Intended data types for the output column can be specified using either the
teradatasqlalchemy types or the permitted strings mentioned below:
-------------------------------------------------------------------
| If intended SQL Data Type is | Permitted Value to be passed is |
|-------------------------------------------------------------------|
| bigint | bigint |
| byteint | byteint |
| char(n) | char,n |
| date | date |
| decimal(m,n) | decimal,m,n |
| float | float |
| integer | integer |
| number(*) | number |
| number(n) | number,n |
| number(*,n) | number,*,n |
| number(n,n) | number,n,n |
| smallint | smallint |
| time(p) | time,p |
| timestamp(p) | timestamp,p |
| varchar(n) | varchar,n |
--------------------------------------------------------------------
Notes:
1. Argument is ignored if "columns" argument is not used.
2. char without a size is not supported.
3. number(*) does not include the * in its datatype format.
Examples:
1. If intended datatype for the output column is "bigint", then
pass string "bigint" to the argument as shown below:
datatype="bigint"
2. If intended datatype for the output column is "decimal(3,5)", then
pass string "decimal,3,5" to the argument as shown below:
datatype="decimal,3,5"
Types: str, BIGINT, BYTEINT, CHAR, DATE, DECIMAL, FLOAT, INTEGER, NUMBER, SMALLINT, TIME,
TIMESTAMP, VARCHAR.
fillna:
Optional Argument.
Specifies whether the null replacement/missing value treatment should
be performed with derive or not.
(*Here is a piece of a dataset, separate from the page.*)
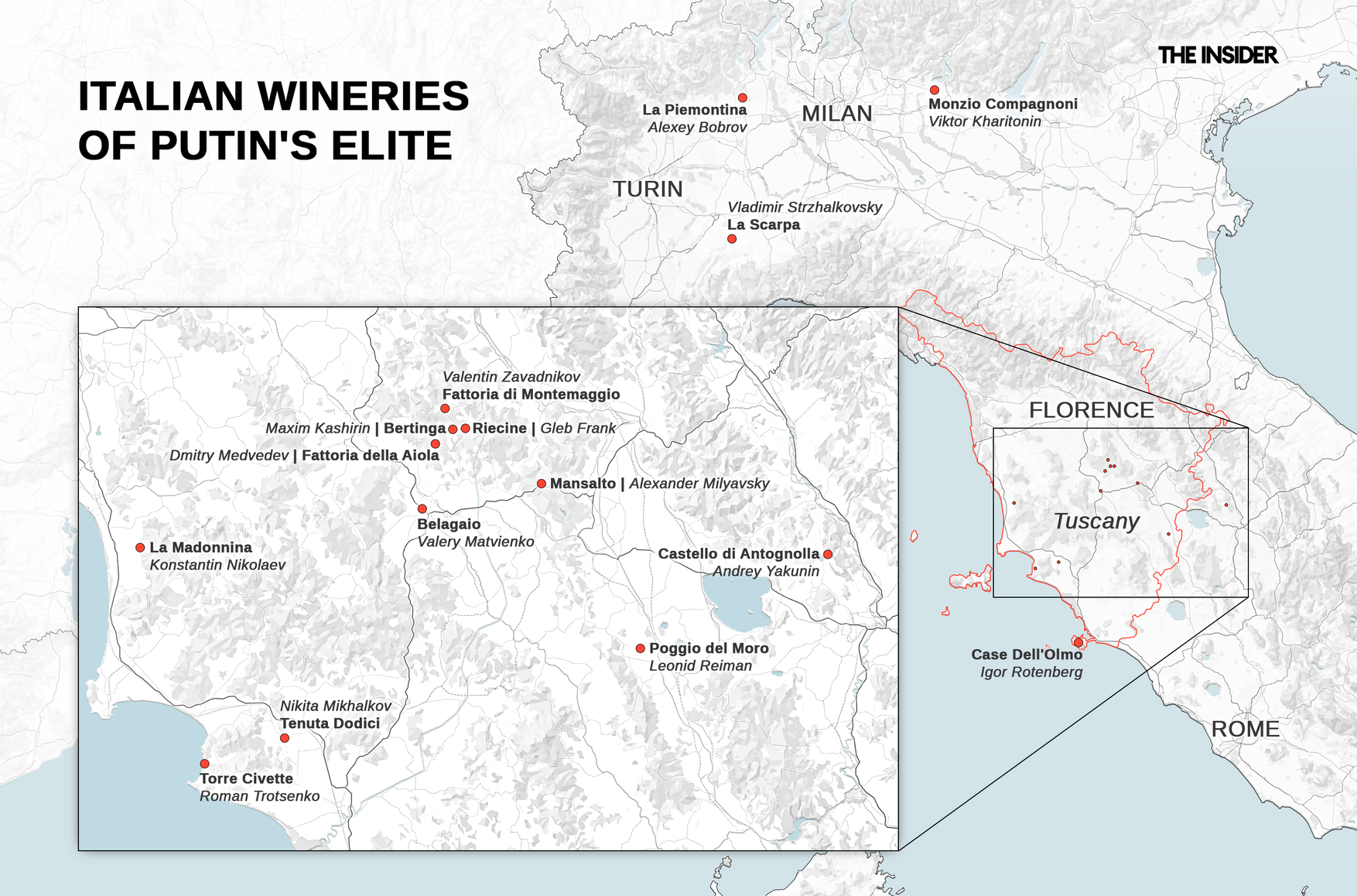 The Insider lifts the veil on this opaque system with a brief tour through the Italian vineyards owned by members of Putin’s circle of allies and cronies.
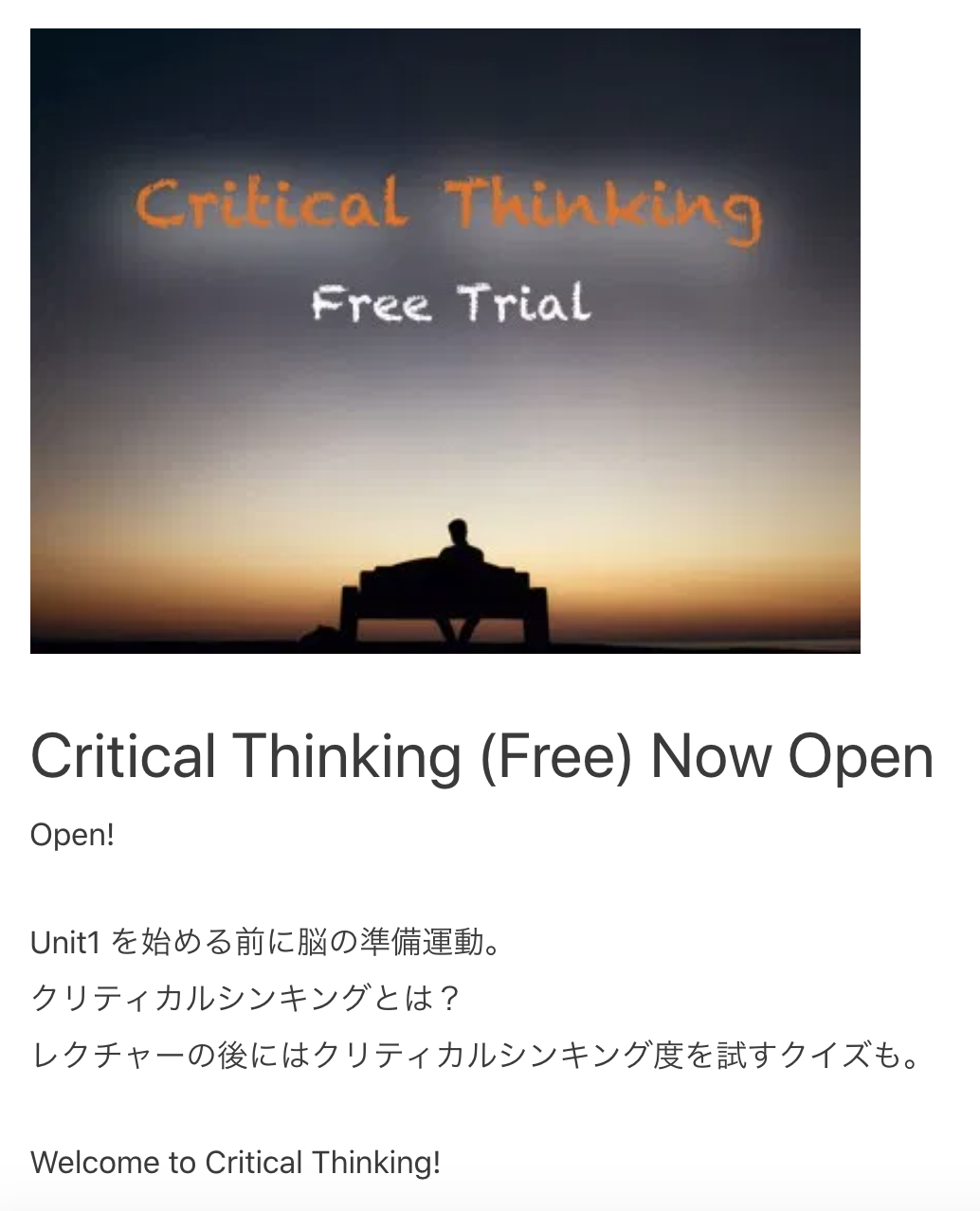 そんな応援のコースでもある Critical Thinking Course。

Output of FillNa() can be passed to
this argument.
Note:
If the FillNa object is created with its arguments "columns",
"out_columns" and "datatype", then values passed in FillNa() arguments
are ignored. Only nullstyle information is captured from the same.
Types: FillNa
RETURNS:
An instance of Derive class.
RAISES:
TeradataMlException, TypeError, ValueError
EXAMPLE:
# Note:
# To run any transformation, user needs to use Transform() function from
# Vantage Analytic Library.
# To do so import valib first and set the "val_install_location".
>>> from teradataml import configure, DataFrame, Derive, FillNa, load_example_data, valib
>>> configure.val_install_location = "SYSLIB"
>>>
# Load example data.
>>> load_example_data("dataframe", "sales")
>>>
# Create the required DataFrame.
>>> sales = DataFrame("sales")
>>> sales
Feb Jan Mar Apr datetime
accounts
Blue Inc 90.0 50.0 95.0 101.0 04/01/2017
Alpha Co 210.0 200.0 215.0 250.0 04/01/2017
Jones LLC 200.0 150.0 140.0 180.0 04/01/2017
Yellow Inc 90.0 NaN NaN NaN 04/01/2017
Orange Inc 210.0 NaN NaN 250.0 04/01/2017
Red Inc 200.0 150.0 140.0 NaN 04/01/2017
>>>
# Example: Includes multiple derive transformations.
# Derive transformation 1 is done with 3 variables, x, y, z, to calculate
# the total sales for the first quarter for each account.
>>> fn_1 = FillNa(style='literal', value=0)
>>> dr_1 = Derive(formula="x+y+z", columns=["Jan", "Feb", "Mar"],
... out_column="q1_sales", fillna=fn_1)
>>>
# Derive transformation 2 is done with 2 variables, x, y, to calculate
# the sale growth from the month of Jan to Feb.
>>> fn_2 = FillNa(style='median')
>>> dr_2 = Derive(formula="((y-x)/x)*100", columns=["Jan", "Feb"],
... out_column="feb_growth", fillna=fn_2, datatype='bigint')
>>>
# Execute Transform() function.
>>> obj = valib.Transform(data=sales, derive=[dr_1, dr_2], key_columns="accounts")
>>> obj.result
accounts q1_sales feb_growth
0 Alpha Co 625.0 4
1 Red Inc 490.0 33
2 Orange Inc NaN 40
3 Jones LLC 490.0 33
4 Yellow Inc NaN -40
5 Blue Inc 235.0 79
>>>